If you’re planning to be in Italy this summer, then the Palazzo Strozzi Foundation in Florence will be worth a visit. It’s conducting a sculptural experiment with an installation built by artist Carsten Höller that invites visitors to slide 20 meters from the second-floor loggia of its Renaissance building to the courtyard below via one of two futuristic, tubular corkscrew slides and…Wait for it…carrying a bean plant.
Picture credit: Palazzo Strozzi Foundation
The idea is that Höller’s work combines art and science by studying the interaction between plants and human beings, which question familiar forms of perception, sometimes involving chemical analysis of human emotions. In this work, Höller has collaborated with Professor Stefano Mancuso, the founder of plant neurobiology and author of The Intelligence of Plants. Mancuso believes that plants are complex beings, able to communicate with the external environment.

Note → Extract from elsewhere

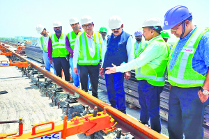 पटरियां बिछाने के काम का विधि-विधान के साथ…….. शहर में मेटो ट्रेन दौड़ाने के काम...

Höller and Mancuso believe that the bean plants will pick up the emotional responses of people using the slides. The plants will be delivered to scientists for analysis of the effect the experience has had on them.
The installation will also include two cinemas – one screening comedy and the other horror. It is thought that audience reactions will produce “volatile chemical compounds” in the air, which will be transported to an exterior facade via two air ducts to two climbing wisteria plants, where, over the course of the summer they will be monitored to see if the compounds influence the growth.
The Florence experiment runs until August 26.